(Domingo, BRA, 2018)
Comédia
Direção: Fellipe Barbosa e Clara Linhart
Elenco: Ítala Nandi, Camila Morgado, Augusto Madeira, Martha Nowill, Michael Warhmann, Ismael Caneppele, Clemente Viscaíno, Silvana Silvia, Chay Sued
Roteiro: Lucas Paraizo
Duração: 88 min.
Nota: 5 ★★★★★☆☆☆☆☆

Abril de 2018. Luiz Inácio Lula da Silva é preso, condenado em uma das investigações da Operação Lava Jato, pela posse de um triplex que nunca esteve em seu nome. Até chegar a esse ponto, além de muitos e graves equívocos do partido que fundou e que esteve no poder por 16 anos, houve um trabalho intensivo de desconstrução da sua imagem e apagamento de suas ações. Em um país sacudido por eventos políticos externos e incoerentes, Lula tornou-se, para uns, a representação de tudo de mal que existe na terra, o homem que inventou a corrupção, e, para outros, uma espécie de mártir, o homem que pode salvar o Brasil.

Mas, por mais que se faça, fale e prenda, nada será capaz de reverter a mudança social que começou naquele 1° de janeiro de 2003, quando Lula tomou posse como presidente. É isso que está por trás de Domingo, longa-metragem de Fillipe Barbosa e Clara Linhart, escolhido para a abertura do 51° Festival de Brasília.

Em uma casa decadente, a burguesia também decadente se reúne para comemorar o primeiro dia do ano, daquele mesmo 2003. Em seu roteiro, Lucas Paraizo pulveriza relações quebradas e constrangimentos próprios e alheios. Somando a isso a aposta da dupla de diretores em uma atuação livre, os personagens acabam quase abandonados em determinações estereotipadas e em eventos por vezes repetitivos, por vezes aleatórios.

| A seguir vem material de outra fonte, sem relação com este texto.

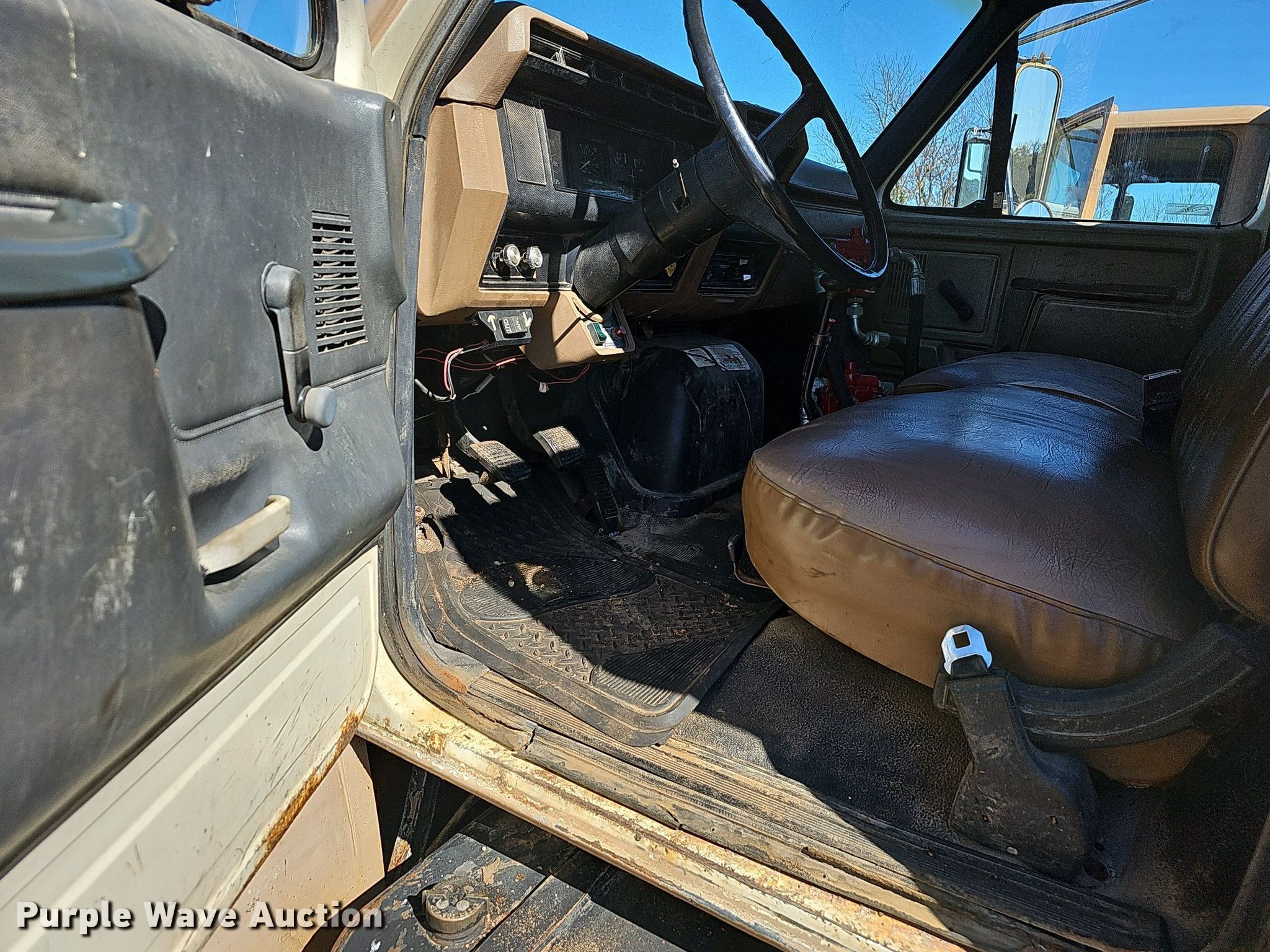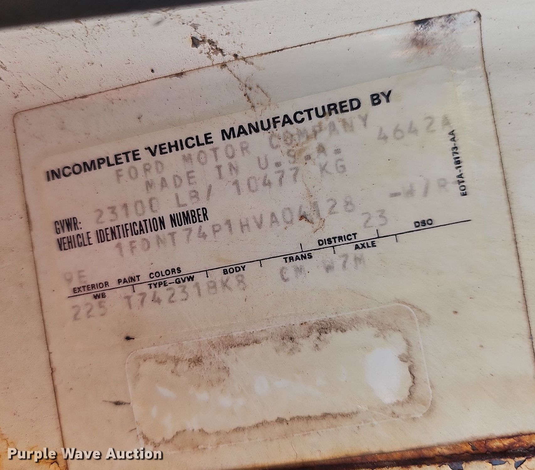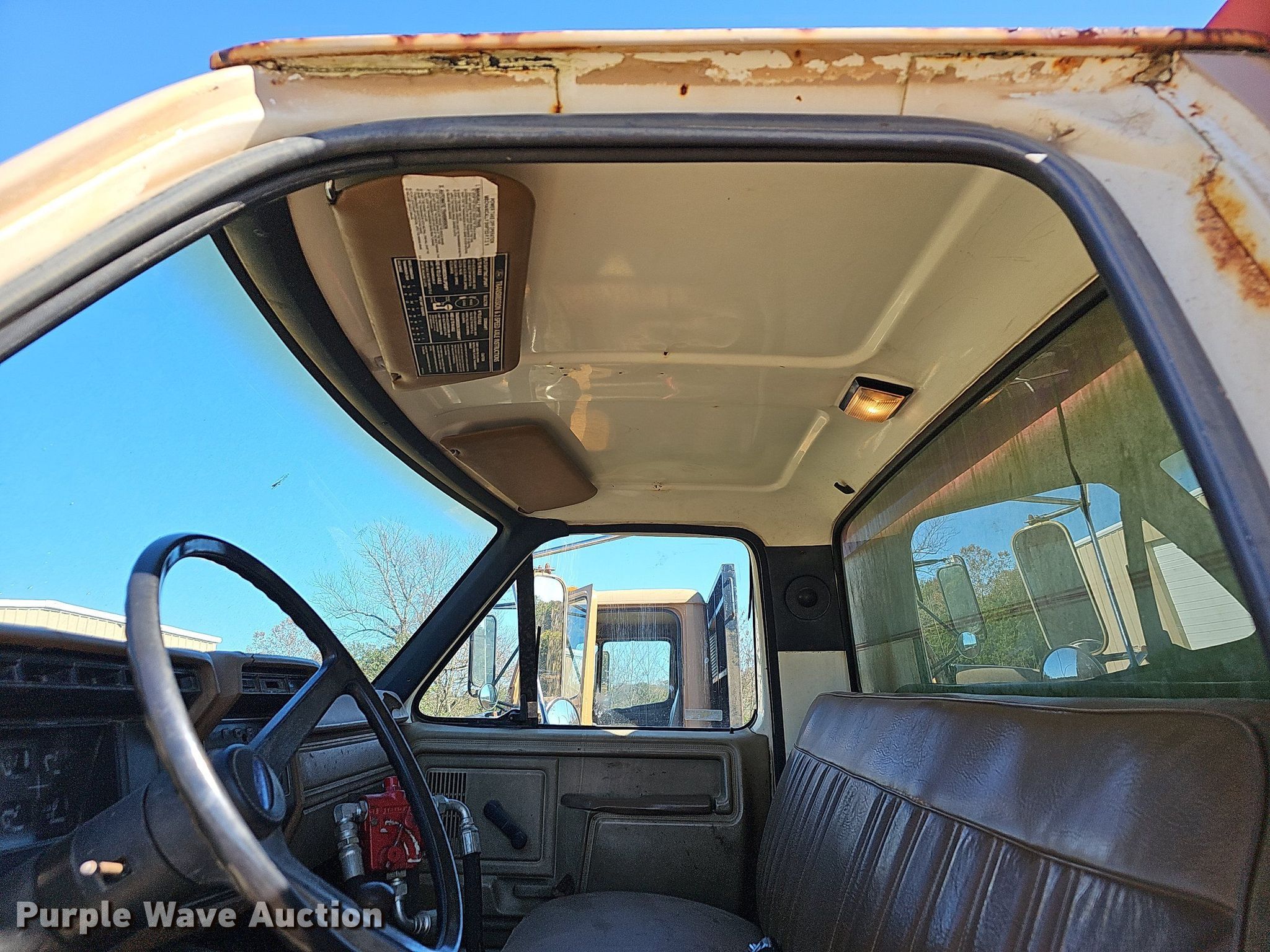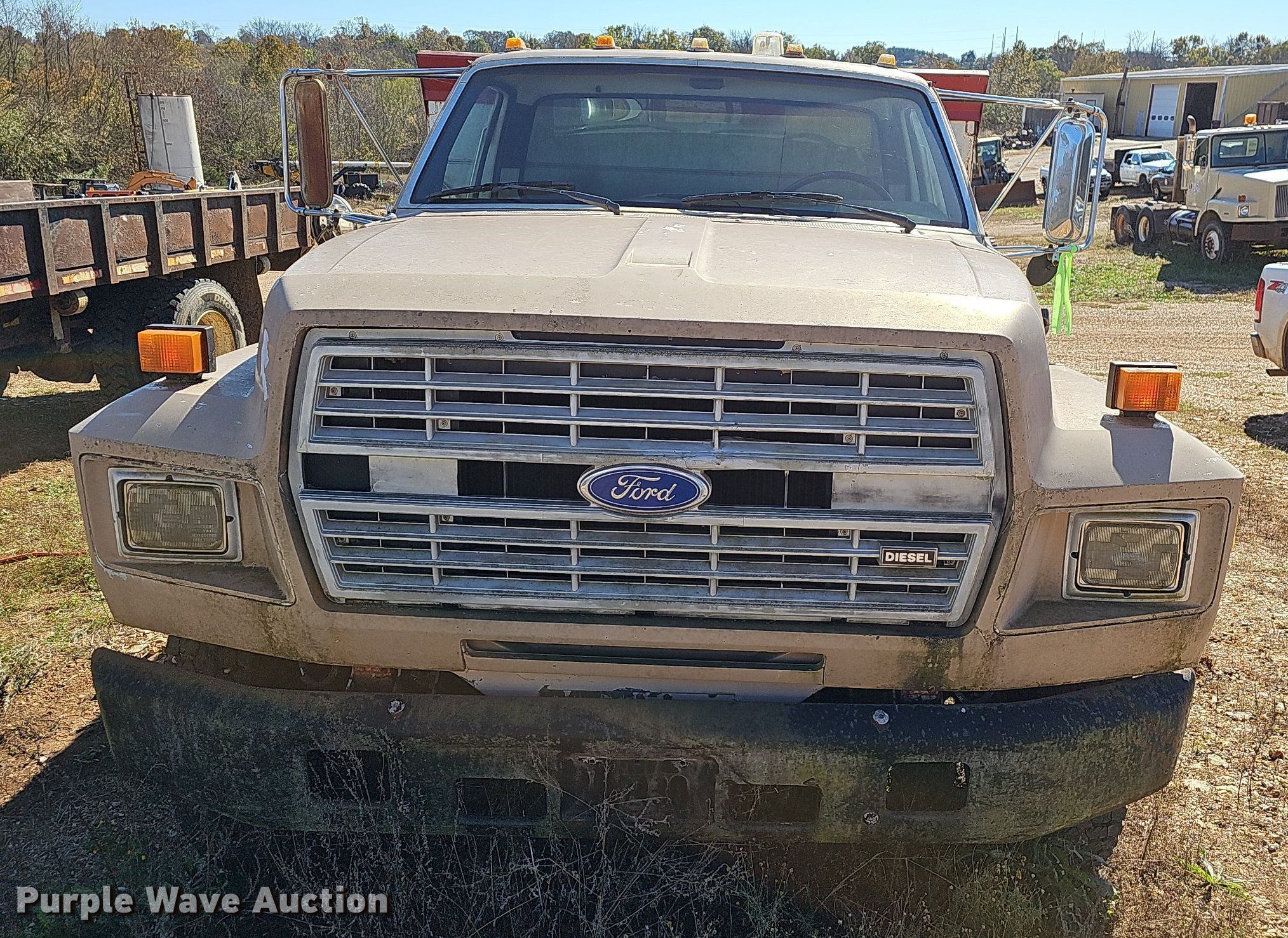 1987 Ford F700 manure spreader truck. Miles: 86,620 on odometer, VIN: 1FDNT74P1HVA04128. Engine Ford, Displacement: 6.6L, Cylinders: 6, Fuel type: Diesel. Transmission Ford, Manual, Speed: 5, plus 2. Chassis Axles: Single, Suspension: Spring, Brakes: Hydraulic, PTO, GVWR: 23,100 lbs, Wheelbase: 225". Interior Heat. Features Manure spreader bed Donovan, 15' L x 88" W, Side height: 41", Chain driven floor, Quantity: 2, Rear applicator: Disc Width: 24", Spacing: 2".. Tires Size: 10.00R20. Notes Dead battery, Unknown operating condition. Arkansas title. Carroll County, AR. 205 Hailey Road. Berryville, AR 72616

A construção da terceira geração do filme é insegura, destaca-se pelo maniqueísmo e não consegue encontrar o equilíbrio nas atuações. E isso acaba refletido, de certo modo e até pela organicidade que o método narrativo escolhido exige, em todo o elenco. A exceção está em Camila Morgado como Bete, dona absoluta de todas as cenas, e em Silvana Silvia, Augusto Madeira e Michael Wahrmann.

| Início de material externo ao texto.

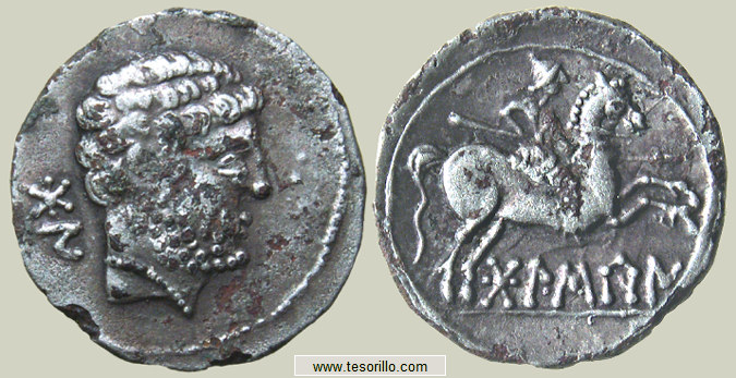 Anverso: cabeza de Mercurio tocada con petaso alado.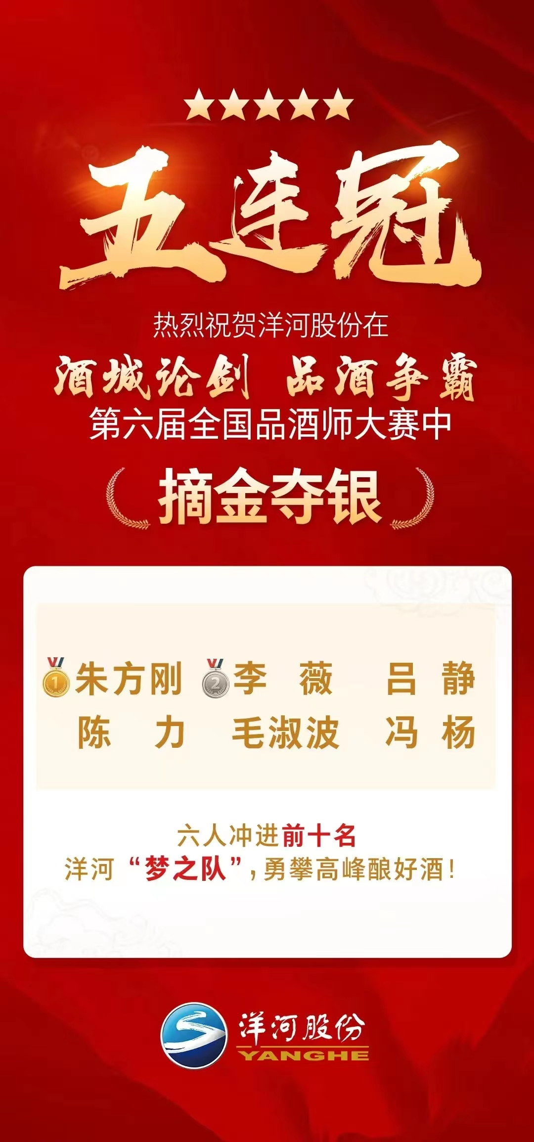洋河“夢之隊”白酒品評實力非凡,除第一屆全國品酒師大賽洋河未獲得冠軍外,此前的第二、三、四、五屆大賽中,洋河均摘得桂冠。在2021年第五屆全國品酒師大賽上,洋河取得了最為輝煌的戰績,來自全國白酒界172位頂尖品評技術人才,結果激烈的理論競賽、12輪品評技能比拼,洋河的田銳花、吳春梅、毛淑波等,包攬了第五屆全國品酒師大賽前十名。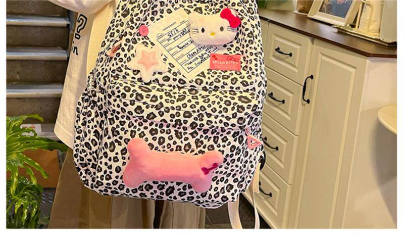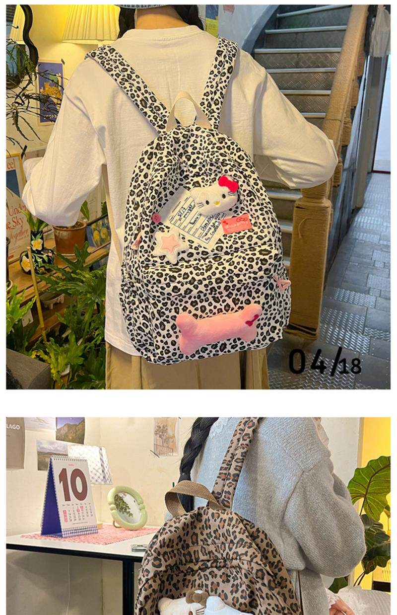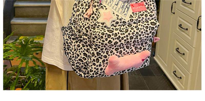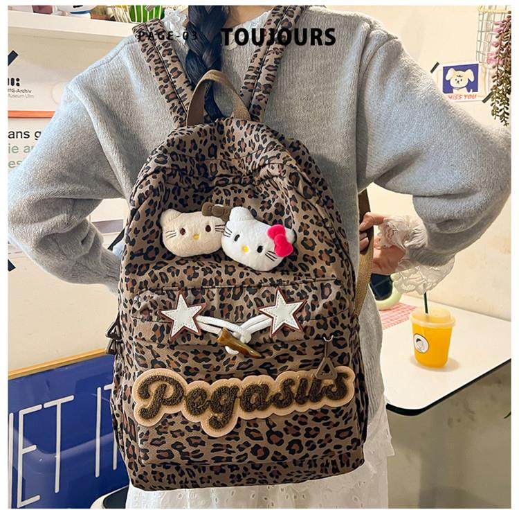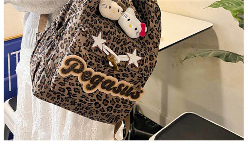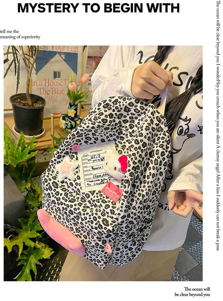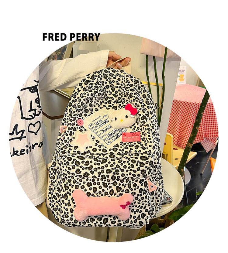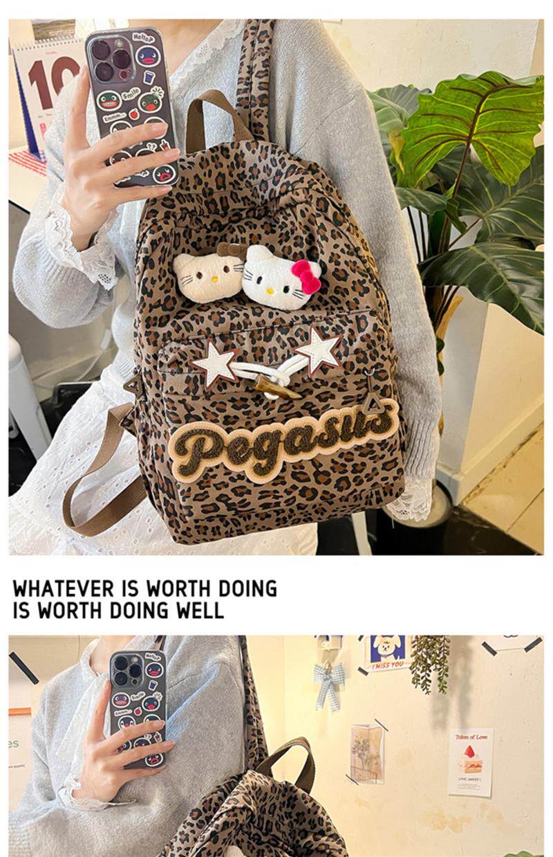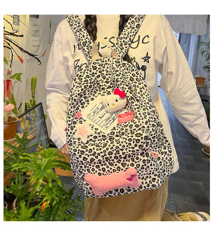 日本原創小衆書包復古秋冬KT雙肩可愛豹紋Y2K大容量後後背包毛絨後後背包

Há em Domingo (que na verdade foi uma quarta-feira) uma preocupação muito evidente em criar planos e impressionar com a lapidação do tempo, assim como a vontade de alcançar os eventos políticos que acontecem hoje no país, buscando a sua história. Ambas as intenções são alcançadas: esteticamente tem-se um produto belo, que sabe se aproveitar de referências, e politicamente há um texto bem delimitado, porém, o longa não encontra um meio de fugir ao artificialismo.

Pensando-se em contexto, há momentos muito interessantes, como a presença marcante de Inês, interpretada por Silvana, em embates não explícitos com os patrões; a ausência de moral e uma proposital fuga do debate político por aquelas pessoas que se prendem aos seus privilégios; a intervenção de um externo que contraria tudo aquilo e que ganha dimensão ao quando encontra a percepção de espectadores que já passaram por aquilo e reconhecem as mudanças, entre outros.

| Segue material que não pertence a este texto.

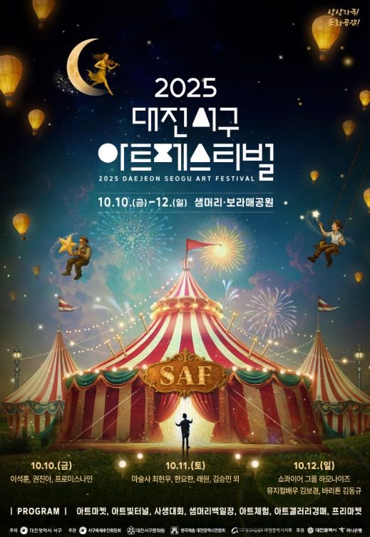 뉴한국방송뉴스통신사 신태공 기자 | 대전 서구는 10월 10일부터 12일까지 3일간 서구청 앞 샘머리공원과 보라매공원 일원에서 ‘2025 대전 서구 아트페스티벌’을 개최한다.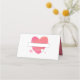 Este design apresenta um coração de aquarela rústica. A tipografia negra e o coração vermelho/laranja contrastam um com o outro. O coração pintado pela mão exibe pedaços de tinta aquosa que epitomizam paixão. O lado inverso mostra o coração cômodo com a noiva, os nomes do noivo e a data do casamento. Uma design romântica simples com um toque rústico. Esta design é ideal para qualquer tema de casamento. O perfeito design do lugar de casamento da temporada inteira. Os convites de casamento e outros artigos de papelaria também estão disponíveis. Fácil de personalizar com seus detalhes. Escreva à mão os nomes de convidados e o número da tabela no espaço fornecido.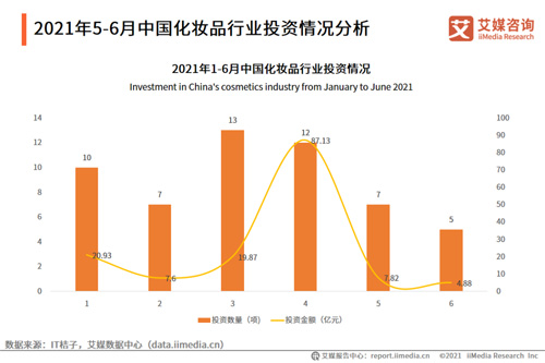 数据显示,2021年1-6月,中国化妆品行业发生投资事件月均9项,平均单笔投资额约2.745亿元。2021年4月化妆品行业的投资数量和投资金额达到高峰之后,二者在5月与6月均有一定幅度的回落,在监管措施的逐步出台完善,对化妆品行业的投资热度稍有降低。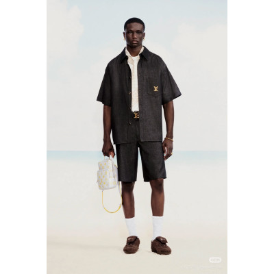 Louis Vuitton 2025春夏新款青年布短袖衬衫 Louis Vuitton Raffia刺绣工艺衬衫 Louis Vuitton 手写体标识休闲衬衫 Louis Vuitton 46/48/50/52码男士衬衫 Louis Vuitton 配套棉质短裤套装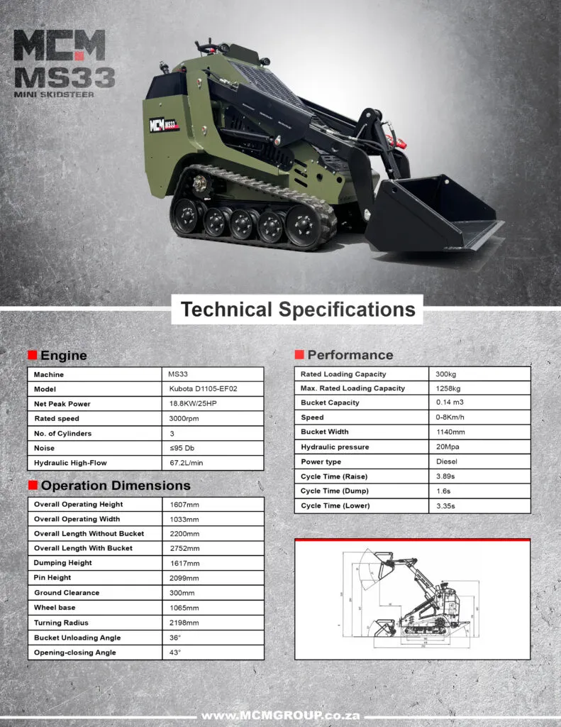 If you need a compact machine that can handle loading, support work, and trenching without stepping up to a larger loader, the MS33 deserves serious consideration.

Mas, mesmo encontrando esse lugar na memória e na capacidade de projeção do explícito, o filme envereda pelo caminho do óbvio. Tudo é evidente demais, tudo tem que ser repetido várias vezes. Voltando à filmografia do próprio Fellipe Barbosa, é como se Domingo fosse uma versão estendida do churrasco das cotas de Casa Grande (bom filme também sobre a classe alta). O que no filme de 2014 chegava como um deslize na obviedade, aqui contamina toda obra.

Em um país com sérios problemas de memória e onde as pessoas teimam em não falar ou escutar sobre o passado, é importante que se resgate as mais importantes mudanças sociais pelas quais passou a sociedade brasileira nos últimos anos. É fundamental que se olhe para trás e se perceba o que aconteceu, dando os créditos a quem realmente mereça, sem ódios e adorações. Domingo tem todos os méritos por fazer isso, mas só resgatar não é o suficiente para que o resultado seja realmente um bom filme.

Um Grande Momento:
Camila Morgado, em todos os momentos.